** Opening DATASET EXTRACT block **

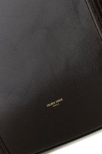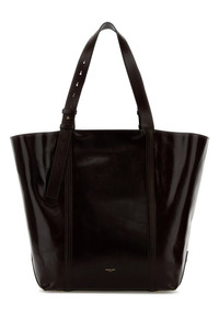 Shopping bag realized in polished-finish leather characterized by laminated printed logo at the front. - Adjustable tonal leather flat handles - Hook closure - Split-leather interior with a detachable tonal leather pouch - Metal protective feet at the base DETAILS Dark brown leather 24.7 shopping bag Exterior: 100% Leather Finishing: Platinum Made in italy Width: 34 cm Height: 39 cm Depth: 18 cm Handle height: 25 cm
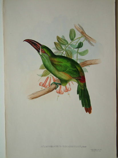 21 x 14 inches, original hand coloured lithograph. Plate 12, a toucan.
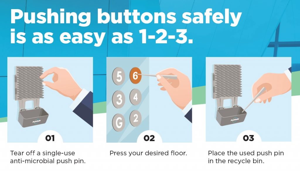 PushSafe is a new product that provides single-use hygienic push pins can be used to press elevator buttons without spreading germs. (image provided by Tyson Daniels)As the nation grapples with quarantines and millions of employees are telecommuting during the COVID-19 pandemic, the Lehigh Valley has a high percentage of essential jobs that cannot be done from home. Each week, we’re recognizing some of our Economic Heroes, the companies and organizations that are continuing to work during these difficult times, helping keep the regional economy strong and doing their part to help fight against the coronavirus.
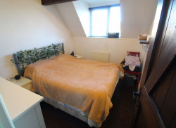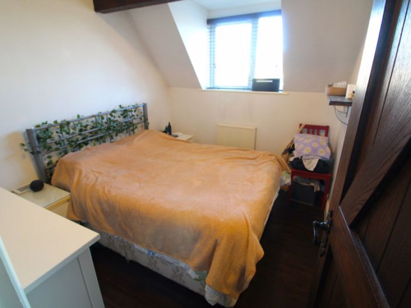 Bedroom - UPVC double glazed leaded light window to front elevation, radiator, built-in mirror fronted wardrobes, feature exposed timber beam, feature wood flooring, power points.
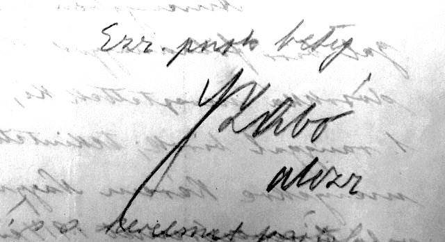 Aláírása az egyik parancson, amikor Weeber Ede ezredest helyettesítette

** Closing DATASET EXTRACT block **

*WHAT THE TASK REQUIRES*: Nothing but the lines from the one containing "PushSafe is a" through the end of the entries should be written out, exactly and without pictures.

*TASK RESPONSE*:
 PushSafe is a new product that provides single-use hygienic push pins can be used to press elevator buttons without spreading germs. (image provided by Tyson Daniels)As the nation grapples with quarantines and millions of employees are telecommuting during the COVID-19 pandemic, the Lehigh Valley has a high percentage of essential jobs that cannot be done from home. Each week, we’re recognizing some of our Economic Heroes, the companies and organizations that are continuing to work during these difficult times, helping keep the regional economy strong and doing their part to help fight against the coronavirus.
 Bedroom - UPVC double glazed leaded light window to front elevation, radiator, built-in mirror fronted wardrobes, feature exposed timber beam, feature wood flooring, power points.
 Aláírása az egyik parancson, amikor Weeber Ede ezredest helyettesítette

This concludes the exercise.